Posted by Eliza, July 6th, 2015

IMG_2163If we are awake to these troubled times, filled with examples of humans’ inhumanity to humankind, we are shaken. We question human nature and, if we are people growing in spirit, our own natures. We look for ways to mend what is broken. We look for all the ways in which the tragic taking of lives DOES NOT tell the whole story, indeed CAN not.

Some people have gently questioned me about why we should care about animals when human beings suffer so, when human lives seem to mean so little and need so much. This is a very important question.

Volunteering at the reception desk of a local animal shelter, I am often witness to deep joy and unimaginable sorrow. People who come to adopt animals and leave with a new companion smile and receive the congratulations of the staff much like a newborn’s family leaving the hospital.

In another nearby room, too often people come to surrender beloved animal companions for a wide variety of reasons: illness or incapacity, moving, death of the owner, allergies. And all too often the reason is homelessness, poverty, or the lack of resources to take care of a medical condition. A few years ago, right after Veterans’ Day a tearful middle aged woman surrendered her two little dogs because she had lost her job and feared she would lose her home. She wanted to do the right thing for them. I later learned that she was a veteran.

All our lives intertwine and matter greatly; that animals offer connection and comfort, emotional nurture and healing to ALL people, or should. One more sign that something’s gone terribly wrong in the way people have access to basic needs is that animal companions are fast becoming a privilege reserved for those who can afford them. Those with limited means struggle to feed, get medical care for, and – all too often these days – house their companion animals.

The loss and the pain are mostly invisible, privately enacted in shelters across the city. We judge those who abandon their animal companions, and certainly some are irresponsible.
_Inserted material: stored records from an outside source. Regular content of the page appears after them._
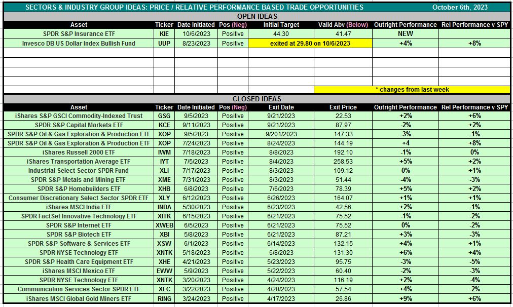 Table 1 below is also accessible via the Sector & Industry Group Ideas rectangle at the top of the Research Center.
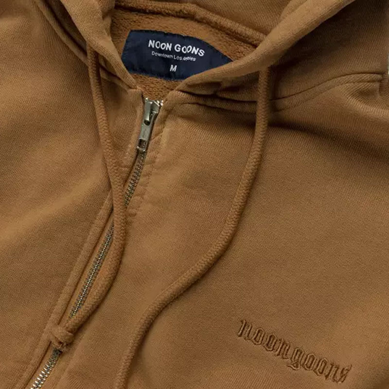 NOON GOONS High Tide Zip Hoodie – Brown: Garment-dyed heavyweight cotton fleece hoodie. Featuring a relaxed fit and a full zipped closure, this NOON GOONS High Tide Zip Hoodie – Brown is part of the last FW23 collection and equipped with:
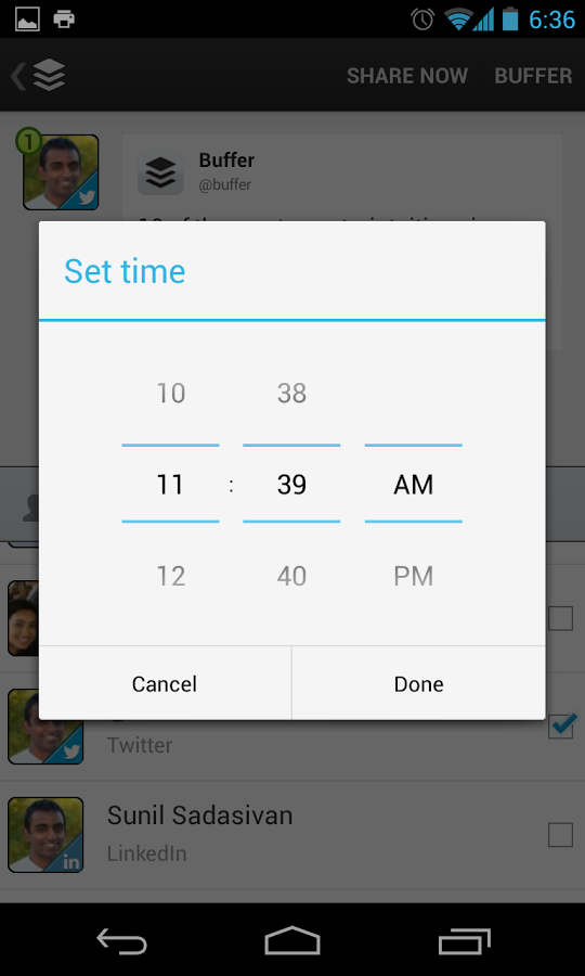 当您阅读一篇文章时,使用 Android 的分享菜单并选择“添加到 Buffer”即可发表相关内容到 Facebook 和 Twitter for Android。它同样支持大量免费 Twitter 应用中的转推功能。*且完美支持 Buffer 的免费 Twitter 应用有:
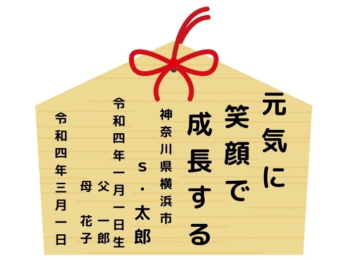お宮参りの絵馬はどうやって書くの? 例文ありちょーすけ長岡研究所。
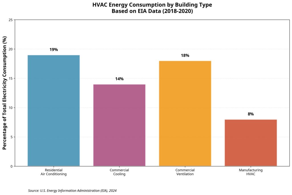 The data from the U.S. Energy Information Administration (EIA) clearly illustrates the significant impact of HVAC systems on overall energy consumption. As shown in the chart below, air conditioning alone accounts for 19% of electricity use in residential buildings. In commercial buildings, cooling and ventilation combine to represent 32% of electricity consumption. These figures underscore the immense potential for energy savings through the adoption of high-efficiency HVAC technologies in condominiums.
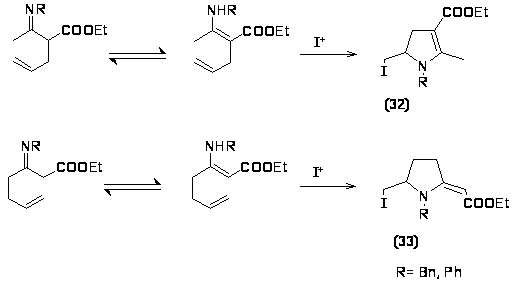Было показано, что продукт электрофильной циклизации зависит от относительного положения алкенильной цепи в енаминокетоне, так из -алкенил-аминокетонов образуется дигидропирролы (32), а из γ-алкенил--аминокетонов- 2-метиленпирролидины (33) [39].

Others suffer the shame that comes from not being able to give care to those they love. Compassion for their suffering calls us to act.

If you can, consider giving both human and cat and dog food to the your local food pantry this summer before you go on vacation. People experience food insecurity for their pets as well as for themselves. And you might consider donating to your local shelter to help cover their costs, including medical expenses.